We searched CENTRAL, MEDLINE, Elsevier Embase, and LILACS on 25 November 2018. We searched clinical trial registries and handsearched the reference lists of trials and review articles.
We included randomized and quasi-randomized controlled trials comparing the frequency of TNS after spinal anaesthesia with lidocaine to other local anaesthetics. Studies had to have two or more arms that used distinct local anaesthetics (irrespective of the concentration and baricity of the solution) for spinal anaesthesia in preparation for surgery.
We included adults who received spinal anaesthesia and considered all pregnant participants as a subgroup. The follow-up period for TNS was at least 24 hours.
Four review authors independently assessed studies for inclusion. Three review authors independently evaluated the quality of the relevant studies and extracted the data from the included studies.
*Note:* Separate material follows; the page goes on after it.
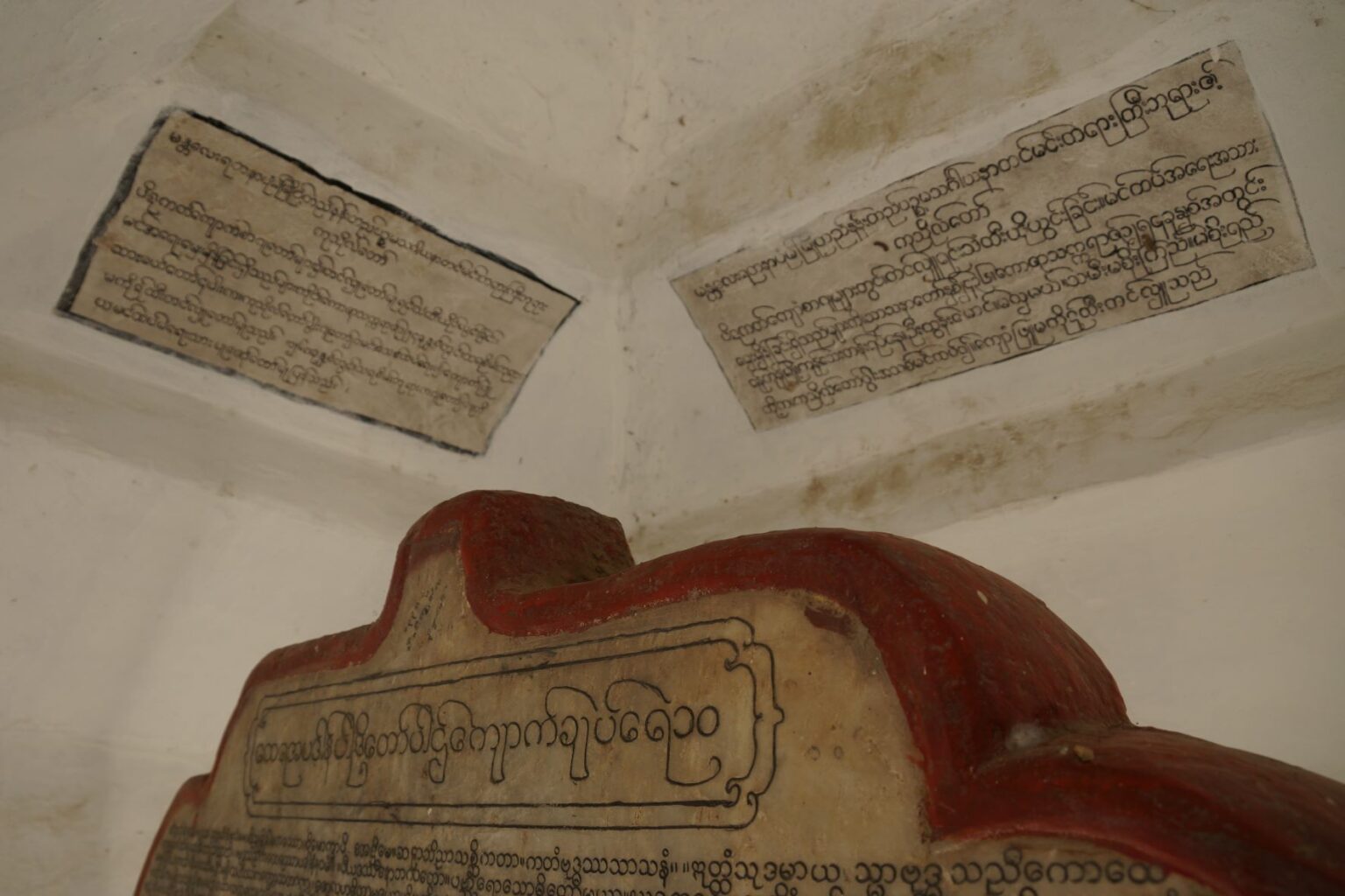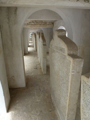 Additionally, the Kuthodaw Pagoda has an unusually rich collection of donative inscriptions, often small plaques written in Burmese attached to the outside of the mini-pagodas which house the marble stelae, or placed high on the inner walls. This collection, most likely numbering in the thousands, demonstrate the ongoing religious patronage and religious aspirations of generations of local Buddhists, and attest to the important role the site has played in the lives of those who patronized the site.

We performed meta-analysis for all pair-wise comparisons of local anaesthetics, as well as NMA.
We used an inverse variance weighting for summary statistics and a random-effects model as we expected methodological and clinical heterogeneity across the included studies resulting in varying effect sizes between studies of pair-wise comparisons. The NMA used all included studies based on a graph theoretical approach within a frequentist framework. Finally, we ranked the competing treatments by P scores.
The analysis included 24 trials reporting on 2226 participants of whom 239 developed TNS. Two studies are awaiting classification and one is ongoing. Included studies mostly had unclear to high risk of bias.
The NMA included 24 studies and eight different local anaesthetics; the number of pair-wise comparisons was 32 and the number of different pair-wise comparisons was 11. This analysis showed that, compared to lidocaine, the risk ratio (RR) of TNS was lower for bupivacaine, levobupivacaine, prilocaine, procaine, and ropivacaine with RRs in the range of 0.10 to 0.23 while 2-chloroprocaine and mepivacaine did not differ in terms of RR of TNS development compared to lidocaine.
Pair-wise meta-analysis showed that compared with lidocaine, most local anaesthetics were associated with a reduced risk of TNS development (except 2-chloroprocaine and mepivacaine) (bupivacaine: RR 0.16, 95% confidence interval (CI) 0.09 to 0.28; 12 studies; moderate-quality evidence; 2-chloroprocaine: RR 0.09, 95% CI 0.01 to 1.51; 2 studies; low-quality evidence; levobupivacaine: RR 0.13, 95% CI 0.02 to 0.69; 2 studies; low-quality evidence; mepivacaine: RR 1.01, 95% CI 0.18 to 5.82; 4 studies; very low-quality evidence; prilocaine: RR 0.18, 95% CI 0.07 to 0.49; 4 studies; moderate-quality evidence; procaine: RR 0.14, 95% CI 0.04 to 0.52; 2 studies; moderate-quality evidence; ropivacaine: RR 0.10, 95% CI 0.01 to 0.78; 2 studies; low-quality evidence).
We were unable to perform any of our planned subgroup analyses due to the low number of TNS events.